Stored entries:

*** Block opens ***

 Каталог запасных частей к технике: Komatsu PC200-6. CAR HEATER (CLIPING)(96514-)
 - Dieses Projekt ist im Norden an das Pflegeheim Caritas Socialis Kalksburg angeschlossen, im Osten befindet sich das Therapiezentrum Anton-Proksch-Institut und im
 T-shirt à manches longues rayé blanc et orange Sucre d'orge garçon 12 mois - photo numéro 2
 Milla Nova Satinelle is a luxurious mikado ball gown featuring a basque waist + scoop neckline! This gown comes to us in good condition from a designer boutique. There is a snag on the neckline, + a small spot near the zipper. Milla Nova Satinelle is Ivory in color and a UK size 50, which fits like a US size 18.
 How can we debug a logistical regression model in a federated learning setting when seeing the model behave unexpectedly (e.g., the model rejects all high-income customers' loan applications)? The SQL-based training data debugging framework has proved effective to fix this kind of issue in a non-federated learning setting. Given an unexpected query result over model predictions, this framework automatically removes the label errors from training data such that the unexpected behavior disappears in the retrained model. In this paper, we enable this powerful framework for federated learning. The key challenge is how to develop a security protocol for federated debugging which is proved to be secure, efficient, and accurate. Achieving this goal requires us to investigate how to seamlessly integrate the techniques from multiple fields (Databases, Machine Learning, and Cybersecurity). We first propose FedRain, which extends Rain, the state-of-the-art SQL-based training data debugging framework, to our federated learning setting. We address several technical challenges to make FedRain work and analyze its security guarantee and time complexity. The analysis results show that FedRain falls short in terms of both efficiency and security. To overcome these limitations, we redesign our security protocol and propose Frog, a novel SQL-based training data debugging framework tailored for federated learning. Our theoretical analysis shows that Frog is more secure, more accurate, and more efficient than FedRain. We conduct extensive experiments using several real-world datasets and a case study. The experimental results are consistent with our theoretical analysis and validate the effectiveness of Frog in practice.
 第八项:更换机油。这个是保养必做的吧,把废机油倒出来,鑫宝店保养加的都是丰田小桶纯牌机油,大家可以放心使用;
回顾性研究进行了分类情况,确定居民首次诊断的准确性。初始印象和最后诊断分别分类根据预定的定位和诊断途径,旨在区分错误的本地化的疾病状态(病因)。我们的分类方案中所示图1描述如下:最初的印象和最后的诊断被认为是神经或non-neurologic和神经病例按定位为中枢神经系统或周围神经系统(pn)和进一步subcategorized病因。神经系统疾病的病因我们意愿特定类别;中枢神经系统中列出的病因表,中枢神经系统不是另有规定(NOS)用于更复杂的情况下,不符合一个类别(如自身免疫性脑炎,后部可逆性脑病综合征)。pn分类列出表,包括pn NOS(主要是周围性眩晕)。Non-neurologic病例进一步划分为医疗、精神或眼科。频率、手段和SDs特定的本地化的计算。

*** Block closes ***

WHAT IS NEEDED: The first line of the records and every line down to the line with "Milla Nova Satinelle is a" must be quoted exactly; leave out all else.

FINISHED EXERCISE:
 Каталог запасных частей к технике: Komatsu PC200-6. CAR HEATER (CLIPING)(96514-)
 - Dieses Projekt ist im Norden an das Pflegeheim Caritas Socialis Kalksburg angeschlossen, im Osten befindet sich das Therapiezentrum Anton-Proksch-Institut und im
 T-shirt à manches longues rayé blanc et orange Sucre d'orge garçon 12 mois - photo numéro 2
 Milla Nova Satinelle is a luxurious mikado ball gown featuring a basque waist + scoop neckline! This gown comes to us in good condition from a designer boutique. There is a snag on the neckline, + a small spot near the zipper. Milla Nova Satinelle is Ivory in color and a UK size 50, which fits like a US size 18.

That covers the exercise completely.